I can't understand why the Harden Decipherment is taken seriously. Assume for a minute that it is a homophonic cipher - what scientific method did Harden use to determine that his was the correct combination? He didn't. He only looked for double symbols that he could attribute LL to, because he felt that the word "kill" would appear repeatedly. Then he built the message around those two letters. Double symbols could be: BB (abbreviation), CC (account), EE (Been), DD (add), LL (all), MM (ammonium Nitrate), OO (look), PP (application), RR (arrangement), SS (Assemble), and TT (attention).

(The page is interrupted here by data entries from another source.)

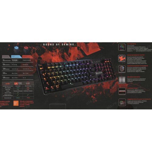 Клавиатура A4Tech B820R механическая черный USB for gamer LED (B820R BLACK (BLUE SWITCH)) кабель 1.8м
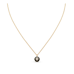 An eye-catching jewel from the B Blossom range, this medallion necklace is cast from 18kt yellow and white gold. It is strung with the collection’s signature motif: a Monogram Flower formed of sparkling diamonds, set here within two half-spheres of polished black onyx. With its adjustable chain, the pendant can be layered with other pieces for a stylish stacked effect.
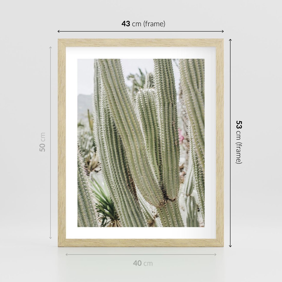 Plakat w ramie 40x50 - Duże Kaktusy w Pejzażu - kaktus, duże kaktusy na pustyni - rama drewno
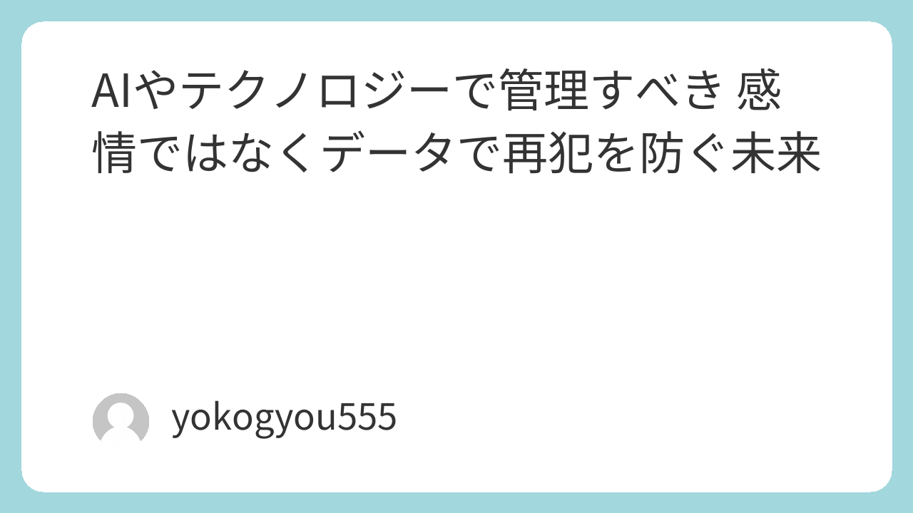 将来的には、AIやテクノロジーを活用した科学的な管理システムが必要になると思います。人間の感情や偏見ではなく、データとアルゴリズムに基づいて、再犯リスクを評価し、適切な支援と監視を行うべきです。GPS追跡、AI による行動分析、ビッグデータを活用したリスク予測など、テクノロジーの力で社会の安全と個人の更生の両方を実現できると考えます。
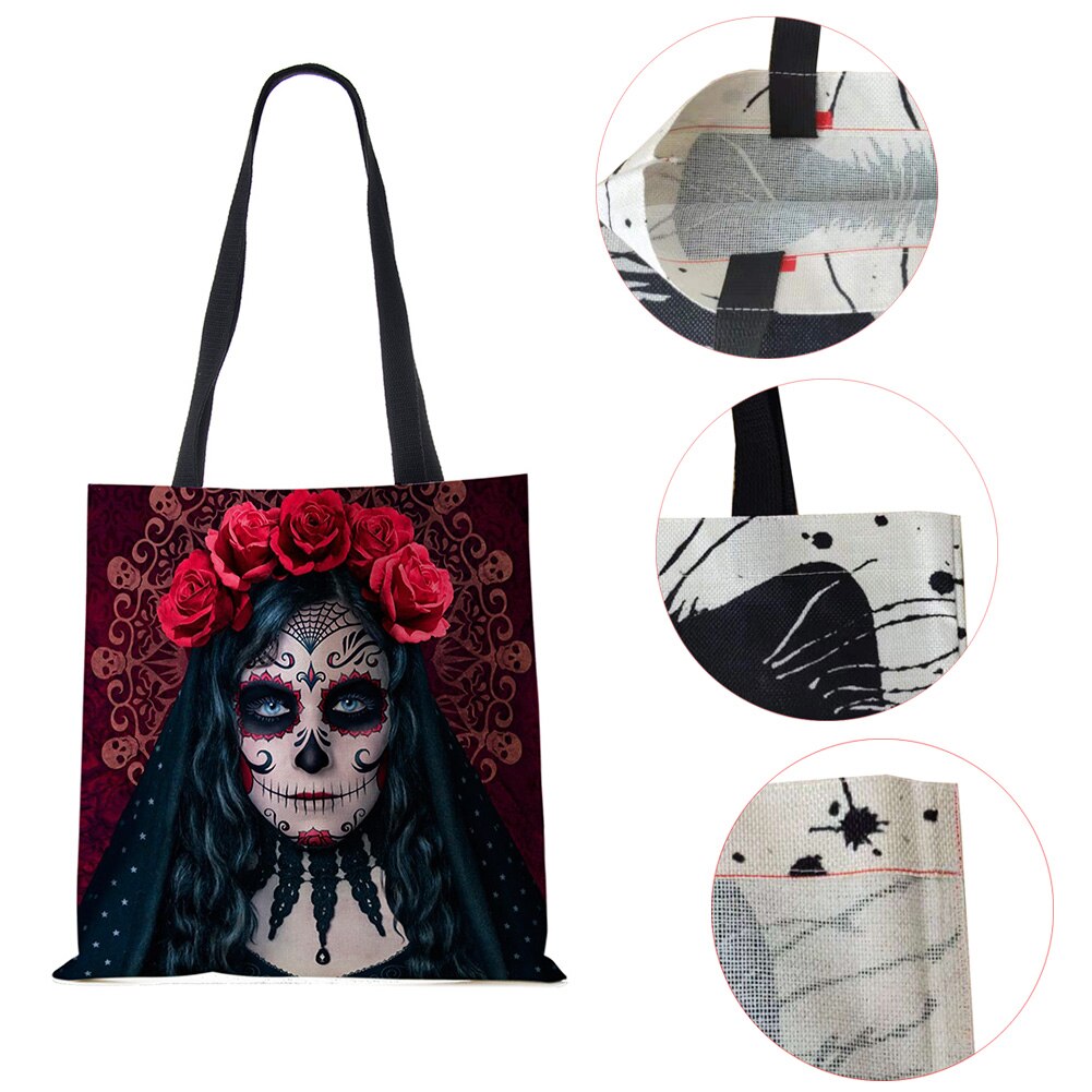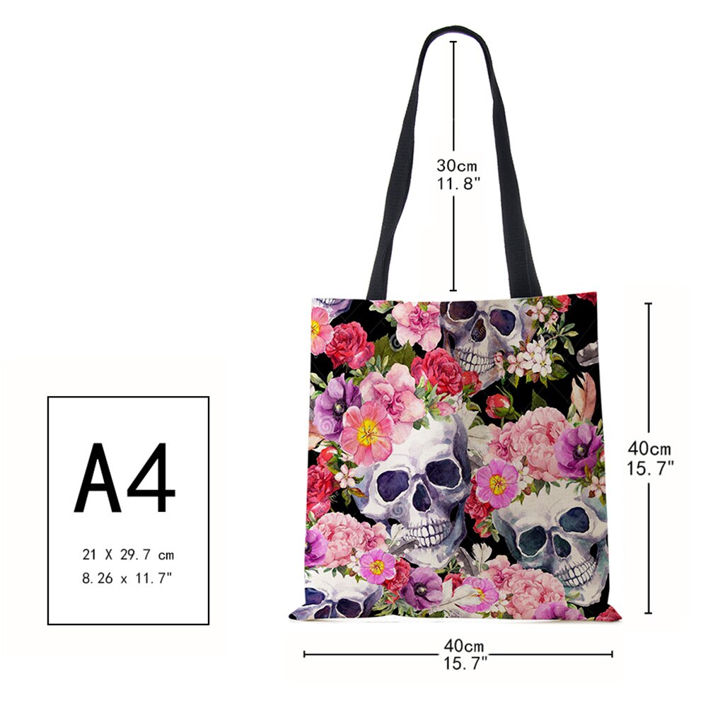 Day of the Dead Floral Skull Print Tote Bag Handbags for Women Halloween Sugar Skull Girl Shoulder Bags Large CapacityItem Name: Tote BagMaterial: Linen PolyesterSize: 40×40 CM/15.7×15.7 inchesDesign: as picture showPacking List: 1* Tote BagFeatures:*Eco friendly high quality linen material.*Novelty and beautiful Design.Eco-friendly imported ink printing and dyeing.No harm to health .*Foldable,Practical and reusable . Very useful when go out and environment friendly*Used as 1) Tote Bag (personalized casual tote bag for daily use. both for fashion women & men.) 2) Shopping Bag (foldable & reusable&eco friendly)3) Storage Bag (home storage for clothes,toy, books,bedding,sundries ,etc) *We support Drop Ship , Wholesale and Personal Customized , welcome to contact us.Friendly Notice:1) All tote bags are handmade, there may be 1-2cm deviation exist. 2) Actual color may be slight difference between the monitor display picture because of the light brightness.
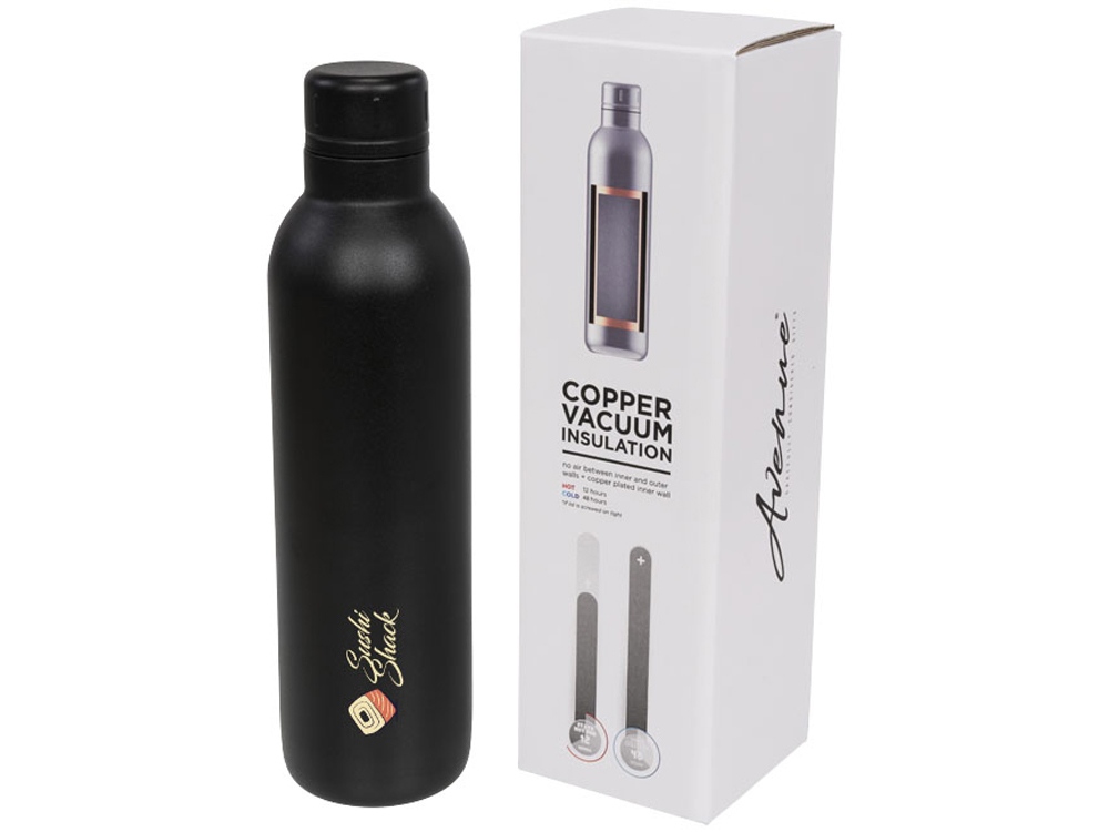 Спортивная бутылка Thor с вакуумной изоляцией объемом 510 мл. Прочная бутылка с двойными стенками из нержавеющей стали и вакуумной медной изоляцией сохраняет напитки холодными в течение 48 часов и горячими в течение не менее 12 часов. Конструкция бутылки предотвращает образование конденсата на внешней стороне. Модное, прочное порошковое покрытие. Герметичная завинчивающаяся крышка из нержавеющей стали. Объем – 510 мл. Предлагается в подарочной коробке Avenue. Нержавеющая сталь.
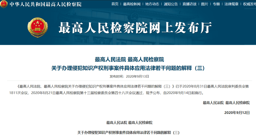 而《最高人民法院、最高人民檢察院關于辦理侵犯知識產權刑事案件具體應用法律若干問題的解釋(三)》于近日發(fā)布,自2020年9月14日起施行。
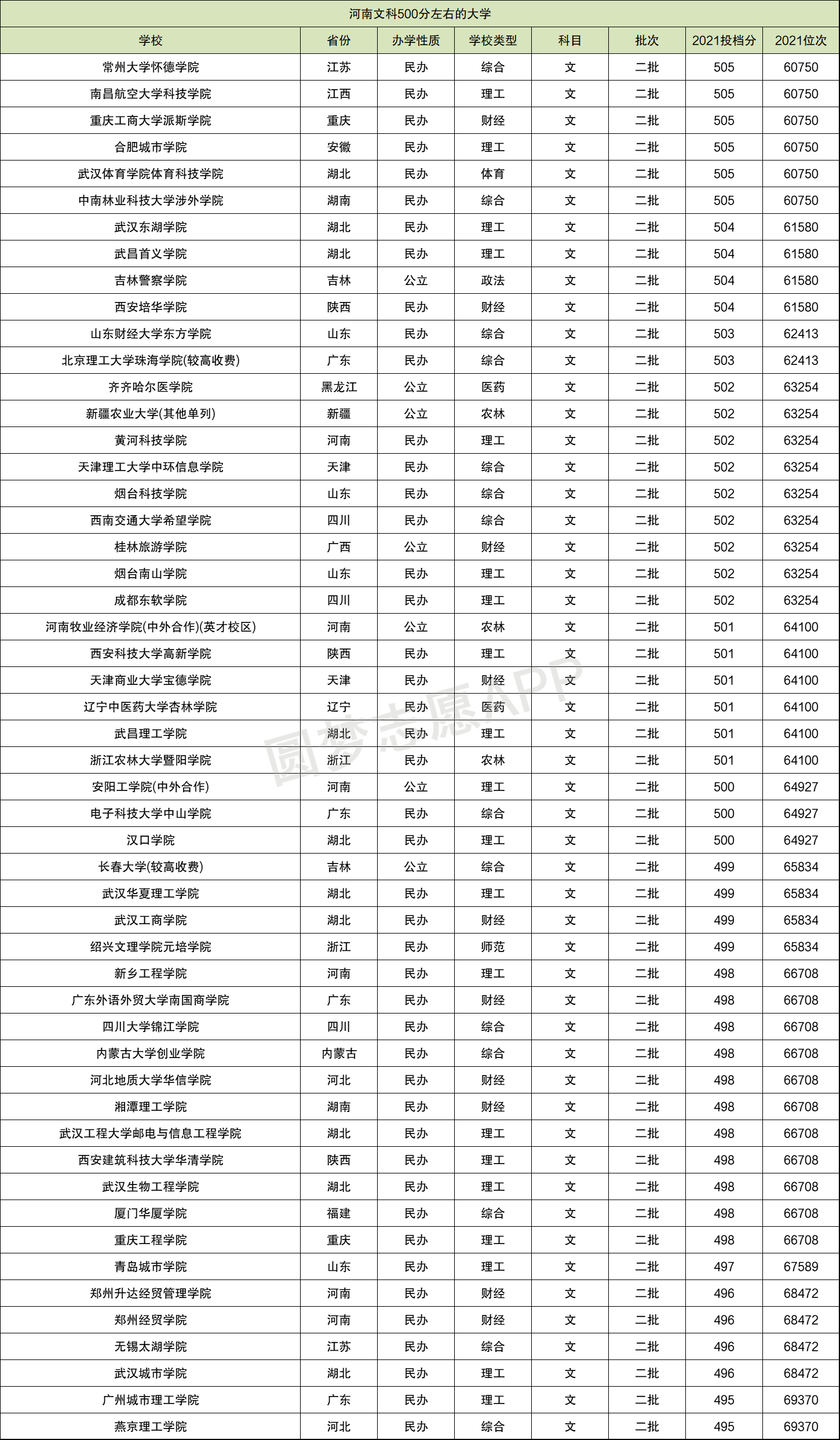 2021年河南实行的是旧高考模式,所以分数线的整理是按照文理分科进行整理的,小编就分别为大家整理出河南文科和理科500分左右的大学,供大家参考。

- Harden went in with a preconceived idea of what the cipher said and randomly associated letters to symbols to fit that message. If you already think you know what a substitution cipher says, mathematically you have a very large chance of finding a near hit (although an incorrect hit). That's why you have to stick to proven scientific methods.
- Irregardless, you can't assume that there are more symbols than letters in the alphabet, since most of those symbols don't represent letters. The "Map" that Zodiac made told you that it dealt with Radians. So take a look at the 408 cipher: The first character triangle (Trine 120˚ or 2.0944 radian), second character (Novile 40˚), // (parallel), thirteenth character is letter k rotated 90˚ clockwise (Quincunx 150˚), Letter "K" that is inverse of thirteenth letter (Semi-Sextile 30˚). The symbol "Q" is (Quintile 72˚). The symbol "˄" or upside down v (Vigintile 18˚), the simple square (square 90˚). The list goes on and on.
- Even to speculate that Zodiac used more than one symbol per letter doesn't matter, because you are basing your work on the Harden false decipherment. Why not look at Frank W. Bolle and Gene Mora? Better yet, the "Community For Life, Four Pi movement" in San Fran at that time. Membership included Father P, Charles Manson, Manson family members, KD, and had muscle from the Gypsy Jokers MC. The Four P Movement has a subchapter called the "Black Cross" that deals with assasinations, sacrifices, etc. Match that to the Ordo Templi Orientis O.T.O. (the zodiac symbol circle and cross for short) since they are affiliated and all of their positions are degrees...You may find that this is more than one man, it was a collaboration. I love how they played off of the Harden false decipherment though. "Slaves Paradice" is funny if you think about it. Pair is two and two dice are called "Die". Two will Die.

jennifer D said...

has anyone noticed that the errors in the solved cipher spell "rich"?